NOIP Practical Pitfall Guide

Blindly incrementing max_dep++ leads to redundant iterations In the puzzle problem, every tile in the grid changes its Manhattan distance by $+1$ or $-1$ with each move. That is to say, every legal move will change the overall parity of the total Manhattan distance of the entire board. Therefore, if the shortest path from the initial state to the target state is an odd number of steps, it is absolutely impossible to have an even-numbered limit in between. When increasing the limit in iterative deepening, it should be max_dep += 2. If written as max_dep++, it will cause the algorithm to perform a complete DFS search on step levels that are completely impossible to yield a solution, doubling the time complexity and leading to TLE.
Including the blank space $0$ in the cost during incremental $h(x)$ updates This is a typical low-level error that many seasoned competitors have learned the hard way. When performing the Delta update next_h = h - old_d + new_d, the variable val must not take the value of the blank space (0). Because in modeling, since the movement of the blank space is accompanied by the movement of other tiles, we only care about the true positioning distance of the non-$0$ valued tiles. If the movement of 0 is also counted in the Manhattan distance, the entire evaluation function will no longer satisfy admissibility (it will exceed the actual shortest cost), thus causing IDA* to miss the optimal solution or fail to produce the correct answer.
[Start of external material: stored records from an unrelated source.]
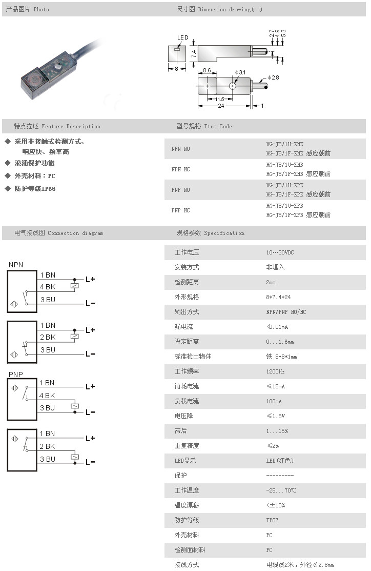 超小型接近開關(guān) HG-J8/1U-ZNK,HG-J8/1F-ZNK,HG-J8/1U-ZNB,HG-J8/1F-ZNB,HG-J8/1U-ZPK,HG-J8/1F-ZPK,HG-J8/1U-ZPB,HG-J8/1F-ZPB,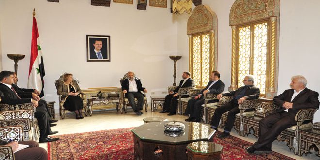 وخلال لقائها اليوم أمين عام منظمة بيت العامل عضو مجلس الشورى الإيراني علي رضا محجوب والوفد المرافق له أعربت عباس عن تقدير الشعب السوري وامتنانه لوقوف إيران إلى جانب سورية في مواجهة الحرب الكونية الظالمة التي تشن ضدها مشيرة إلى ضرورة تطوير عمل لجنة الصداقة السورية الإيرانية المشتركة بما يخدم مصالح الشعبين والبلدين.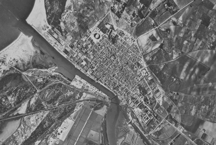 Ilustración 2. Vista aérea de principios de la década de los cincuenta. Es fácil distinguir la plaza de toros y comprobar que el casco urbano tenía los mismos límites que en el plano de Palacios (1865).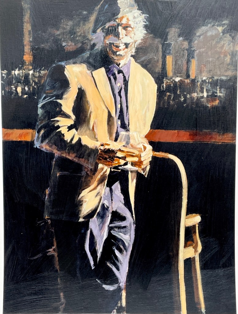 Aldo Luongo’s expressive brushwork and moody palette capture more than a moment—they evoke a lifetime of charisma, reflection, and quiet strength. This piece features The Hawk, Luongo’s enduring archetype inspired by his late father, Rafael. The Hawk represents the artist’s ideal man: graceful, magnetic, and contemplative. Often seen leaning into solitude or savoring a drink, he’s a figure of timeless charm and emotional depth.

Classic NOIP/Luogu Problems

1. Luogu P1379 Eight Puzzle Problem

Problem Description: In a $3 \times 3$ grid, numbers 1-8 and a blank space are arranged. The goal is to transform any given initial scrambled state into the standard target state 123804765 with the minimum number of swaps (note: some versions have the target state as 123456780).
Essence of the Problem: The single-source shortest path of a $3 \times 3$ permutation matrix.
Core Solving Idea: Due to the small state space, bidirectional BFS can be used to suppress the solution. However, using IDA* with Manhattan distance as the evaluation function can achieve the solution in less than 10 milliseconds with extremely short code lines and nearly $O(1)$ additional space overhead, without requiring any queues or complex hash tables.
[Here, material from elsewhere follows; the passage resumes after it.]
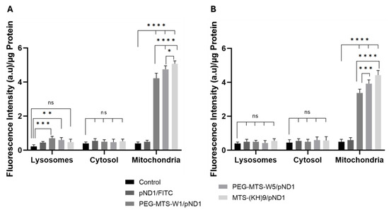 For lung muscle cells, the FITC fluorescence intensity in both lysosomes and cytosol was comparable to the FITC levels found in the control cells and no statistically significant differences (ns) were found (Figure 3B). For both cells, it becomes clear that peptide-based nanocomplexes are internalized by the cells and efficiently target mitochondria, with variations in the FITC fluorescence intensity between the three studied carriers. The mitochondria accumulation increased in the order MTS–(KH)9/pND1 > PEG–MTS–WRAP5/pND1 > PEG–MTS–WRAP1/pND1 complexes. However, in some cases the differences were low (please consult the statistical analysis available in Figure 3), which may reflect the different transfection efficiency displayed by the nanocomplexes, which may consequently influence the subsequent process of protein expression into mitochondria.

2. Luogu P2325 [SCOI2005] Knight's Spirit

Problem Description: Given a $5 \times 5$ chessboard containing 12 white knights, 12 black knights, and a blank space. The goal is to move the knights according to the "knight's move" rule to achieve a specific target layout that is centrally symmetric within 15 moves.
Essence of the Problem: A variant of the puzzle problem with step limits.
Core Solving Idea: This problem is essentially an extended version of the N-Puzzle problem. Its evaluation function $h(x)$ cannot simply use Manhattan distance, but should use the total number of misplaced knights between the current board and the target board. Since each knight can only be positioned correctly by moving once according to the knight's move, the number of misplaced points is strictly admissible ($h(x) \le h^*(x)$). Coupled with a strong limit of max_dep = 15, the IDA* recursion tree will collapse massively due to too many misplaced points between the 5th and 10th layers, thus achieving instant control.